Why should I be forced to trust Google or Apple.
You are not.
It's certainly convenient in this modern world to pay for and use one of their devices though.
That was intended to be a generic 'device manufacturer', not calling out Google and Apple specifically. It's my device. I should control it, full stop. It should simply not be legal for a device manufacturer to lock me out of a device I own, post sale. In the past it wasn't _possible_, so we didn't need to worry about it. But now the tech is at the point where manufacturers can create digital locks which simply cannot be broken, and give them full control of devices they sell (ie. which they no longer own), which are being used in anti-consumer ways.
Considering market forces are against it, I believe the only practical way to accomplish this in the long term is for this to be a right that is enforced by legislation. I don't think it is even far from precedent surrounding first sale doctrine and things like Magnuson-Moss, that the user should be the ultimate one in control post-purchase, it just takes a different shape when we're talking about computing technology.
3 replies →
You are forced to trust Google or Apple if you want a smartphone. They own the whole market, it's a duopoly. You already have no power to install an OS without such limitations on most smartphones.
Limitations because it's not just protection - you don't get to choose which authorities you trust. Defaulting to manufacturer/OS vendor as the default authority would be ok, but there is no option to choose. Users have no power over their own device. That's not ok even if most choose to never execute it or don't know about it, it will lead to abuse of power.

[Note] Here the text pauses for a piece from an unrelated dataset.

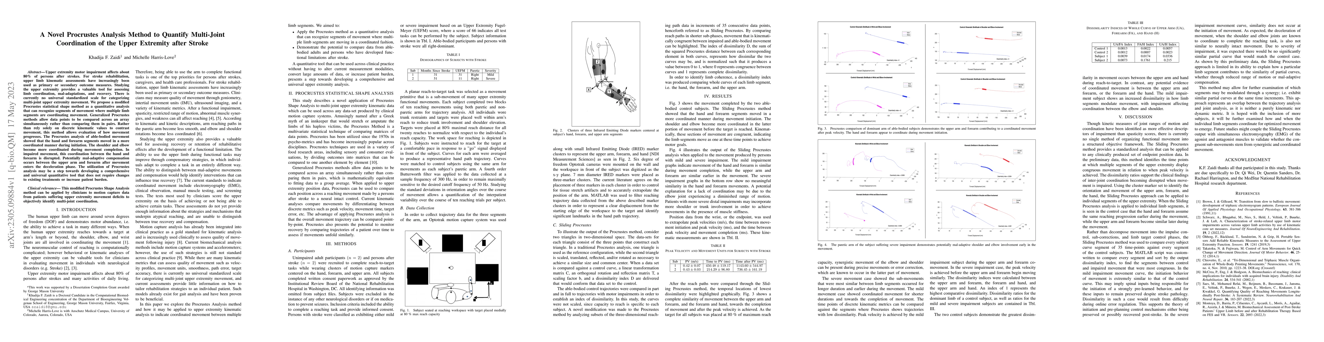 Upper extremity motor impairment affects about 80\% of persons after strokes. For stroke rehabilitation, upper limb kinematic assessments have increasingly been used as primary or secondary outcome measures. Studying the upper extremity provides a valuable tool for assessing limb coordination, mal-adaptations, and recovery. There is currently no universal standardized scale for categorizing multi-joint upper extremity movement. We propose a modified Procrustes statistical shape method as a quantitative analysis that can recognize segments of movement where multiple limb segments are coordinating movement. Generalized Procrustes methods allow data points to be compared across an array simultaneously rather than comparing them in pairs. Rather than rely solely on discrete kinematic values to contrast movement, this method allows evaluation of how movement progresses. The Procrustes analysis of able-bodied movement showed that the hand and forearm segments moved in a more coordinated manner during initiation. The shoulder and elbow become more coordinated during movement completion. In impaired movement, this coordination between the hand and forearm is disrupted. Potentially mal-adaptive compensation occurs between the upper arm and forearm after movement enters the deceleration phase. The utilization of Procrustes analysis may be a step towards developing a comprehensive and universal quantitative tool that does not require changes to existing treatments or increase patient burden. Copyright 2023 IEEE. Personal use of this material is permitted. Permission from IEEE must be obtained for all other uses, in any current or future media, including reprinting/republishing this material for advertising or promotional purposes, creating new collective works, for resale or redistribution to servers or lists, or reuse of any copyrighted component of this work in other works.

Modern life without either of these OS (or like a phone number) is pretty difficult, i.e. you can't charge your car or access e-government without an app.
1 reply →
I’m willing to sacrifice your rights if it means that there’s less incentive to steal my phone
why do you think you have any say over others' rights? using that same logic, you know what? i think you're going to steal my phone. so do you mind if i sacrifice your rights and install a camera right in your room? wouldn't want you to plot the theft of my phone now would i
Id argue that the average user is not a good barometer. They are okay with slowly being boiled alive. See windows 11 as a good example.
What's being sacrificed in the name of security is not worth it imo.
Enabling side loading on android is not a standard setting you can flick on. Is there any data on the number of devices who have this enabled and are falling for hacked apps?
I might partially agree, but the market already has a fantastic, secure option for those users: Apple.
Android's value was always in being the open(ish) alternative. When we lose that choice and the whole world adopts one philosophy, the ecosystem becomes brittle.
We saw this with the Bell monopoly, which held up telephone innovation for three quarters of a century.
In the short term, some users are safer. In the medium term, all users suffer from the lack of competition and innovation that a duopoly of walled gardens will create.
They're happy in their walled garden, until they don't and discover there is a wall they now can't overcome and learn whose hardware it really is
I do think it is in everyone's interest to be able to run software of your choosing on hardware you bought to own. The manufacturer needn't make it easy (my microwave sure didn't expect to install extra software packages; I don't expect them to open up an interface for this) but they also don't need to actively block the device owner from doing it
> Average users benefit greatly from their pocket appliance not being a full fledged computer.
In what way? Seriously, what benefit is there? (And don't say security...)
Not having social media?
The world would be a much better place if we only had calls and direct messages.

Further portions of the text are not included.